Information provided:
┌──

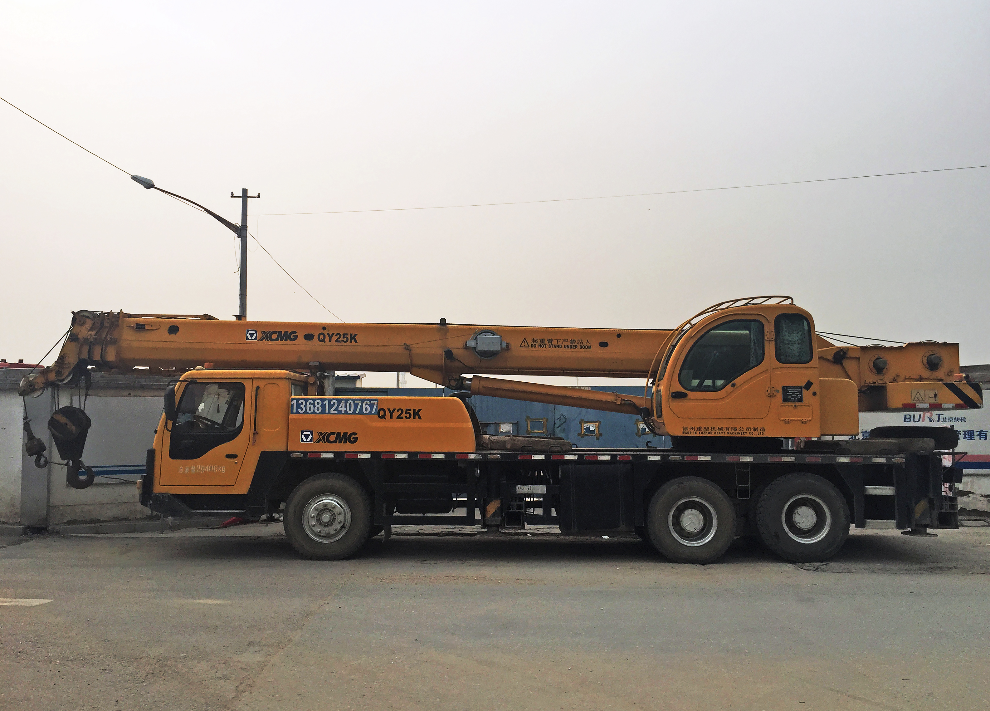 Taken outside Tundian Station. This one is a "25K" as well?
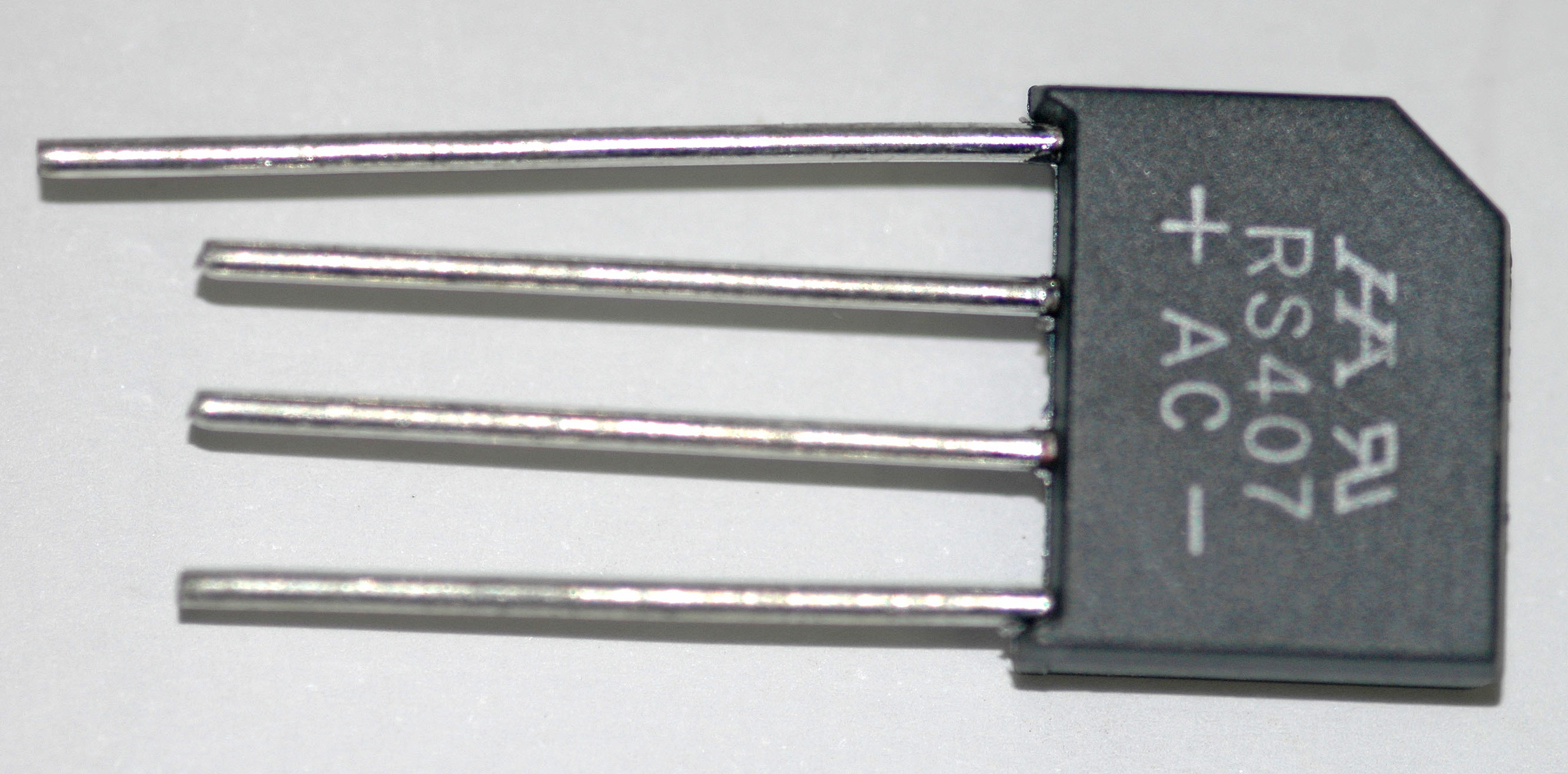 A full wave rectifier diode bridge, rated at 4A x 1000 V
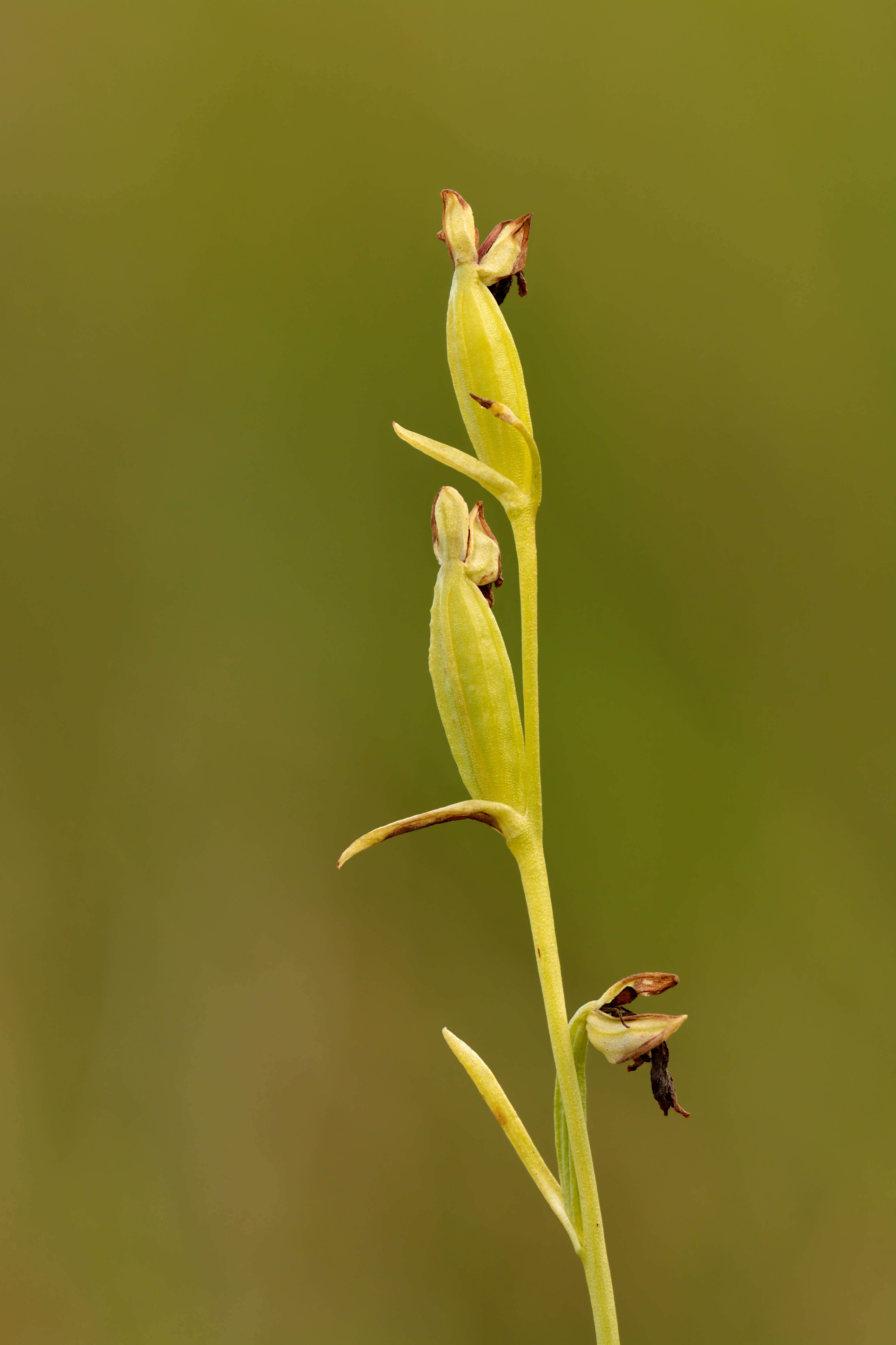 Infructescence of fly orchid.
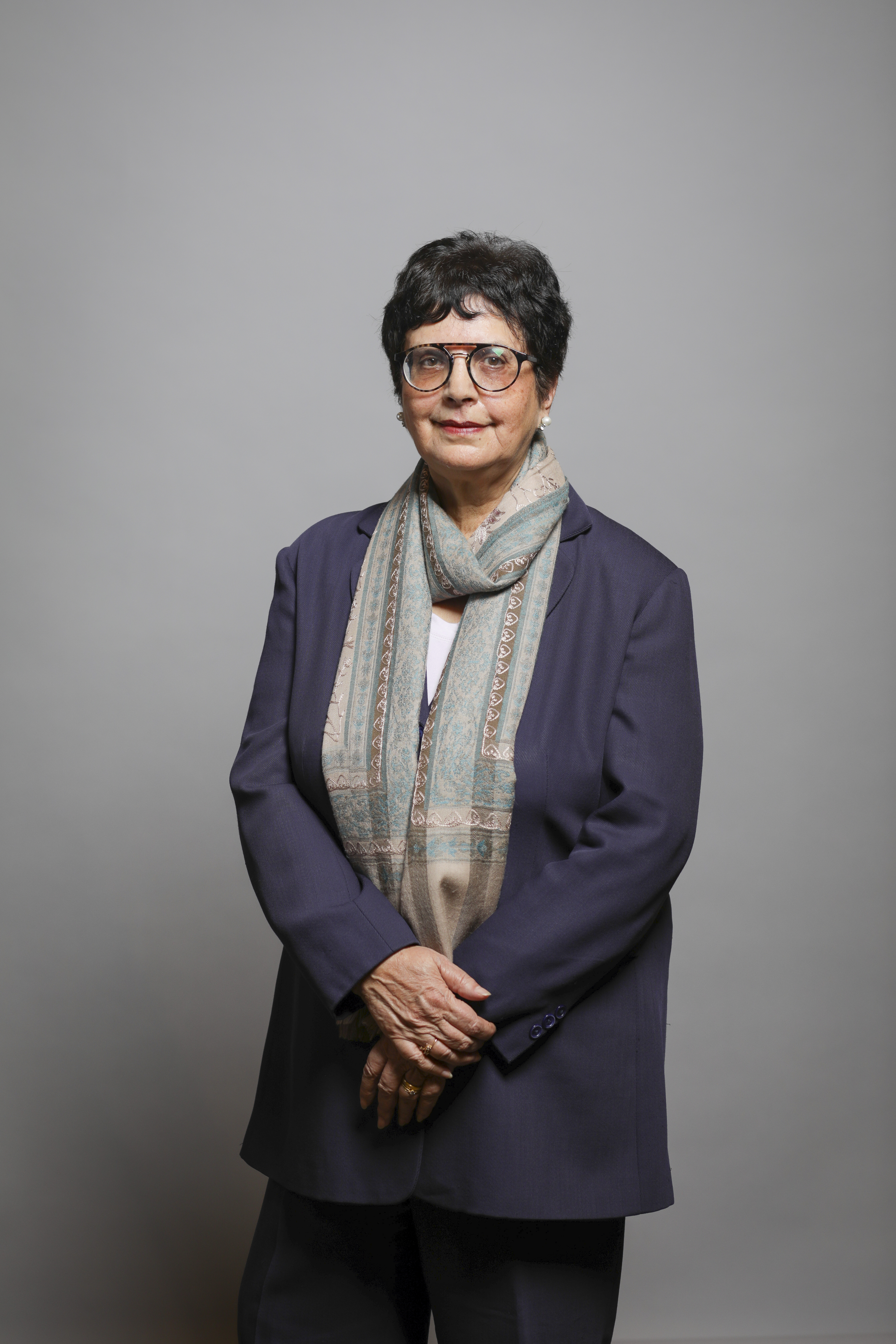 Official portrait of Baroness Prashar Full sized portrait of Baroness Prashar

└──

Task to carry out: Repeat all of the listing above word for word, and exclude the pictures.

Answer space:
 Taken outside Tundian Station. This one is a "25K" as well?
 A full wave rectifier diode bridge, rated at 4A x 1000 V
 Infructescence of fly orchid.
 Official portrait of Baroness Prashar Full sized portrait of Baroness Prashar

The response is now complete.